蘇青青坐在軟榻上,手裏捏著那塊沒吃完的芙蓉糕,指尖微微發涼。

南枝從外面回來,見她神色恍惚,便問:“蘇姐姐,怎麽了?方才看蘇伯母高高興興地走了,是不是說了什麽好事?”

蘇青青擡頭,勉強笑了笑:“沒什麽,就是說了些家常話。”她不想把母親那些露骨的話告訴南枝,怕汙了她的耳朵。

南枝也沒多想,興沖沖地坐到她身邊:“對了蘇姐姐,我今天去看了鋪子,臨街的那家正好空著,門面不大不小,收拾出來定好看得很!我已經讓人先付了定金,過幾日就能動工修繕了。”

看著南枝眼裏的雀躍,蘇青青心裏的陰霾散了些,順著她的話笑道:“那真是太好了,往後妹妹就是掌櫃的了。”

“還得靠姐姐多幫襯呢。”南枝拉著她的手,笑得眉眼彎彎,“等鋪子開起來,我天天給你送新做的糕點。”

蘇青青點點頭,心裏卻像壓了塊石頭。南枝可以為了自己的鋪子忙碌,有屬於自己的念想,可她呢?似乎從嫁入林府的那一刻起,就被釘在了“林夫人”這個位置上,所有的價值都系在林一身上。

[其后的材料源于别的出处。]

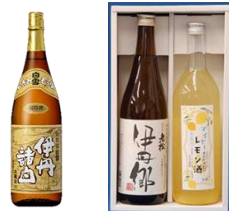
< 小西酒造(株) > < 老松酒造(株) > 各種日本酒

※伊丹市在住の方は、ふるさと寄附で税額控除を受けられますが、返礼品はございません

夜裏,林一回來時,帶著一身淡淡的酒氣。想來是升了官,免不了被同僚拉去應酬。

蘇青青連忙上前替他解下外袍,又端來醒酒湯:“夫君喝些湯暖暖胃吧。”

林一接過湯碗,一飲而盡,看著她略顯疲憊的臉,皺眉道:“怎麽沒好好歇著?”

“等夫君回來呢。”蘇青青輕聲道,伸手想去替他擦臉,卻被他握住了手腕。

他的指尖帶著酒後的灼熱,眼神卻清明得很:“今日岳母過來,說了些什麽?”

蘇青青心裏一緊,下意識地想隱瞞:“沒、沒說什麽,就是問問我過得好不好。”

林一卻沒松開她,目光落在她泛紅的眼角:“是不是說讓你……伺候好我?”

蘇青青的臉瞬間白了,嘴唇動了動,卻說不出話來。他怎麽會知道?

林一看著她慌亂的模樣,心裏嘆了口氣,松開她的手:“岳母的心意我懂,但不必如此。你是我的夫人,不是伺候我的下人。”

他的話像一股暖流,淌過蘇青青的心頭,讓她鼻子一酸,眼眶就紅了:“夫君……”

“別想太多。”林一揉了揉她的頭發,語氣放柔了些,“日子是我們自己過的,旁人的話,聽著便是,不必往心裏去。”

蘇青青看著他溫和的側臉,忽然覺得,或許母親錯了。林一待她,終究還是不同的。至少在他眼裏,她不僅僅是能帶來利益的棋子,不僅僅是需要“伺候”他的妻子。

她吸了吸鼻子,重重點頭:“嗯。”

林一沒再多說,轉身去凈手。蘇青青看著他的背影,心裏的那塊石頭漸漸落了地。

或許母親的算計是真的,現實的利益也是真的,但林一此刻的溫柔,應該也是真的吧。

她走到桌邊,將那碗剩下的醒酒湯端起來,慢慢喝著。湯裏的暖意順著喉嚨滑下去,熨帖了方才的委屈。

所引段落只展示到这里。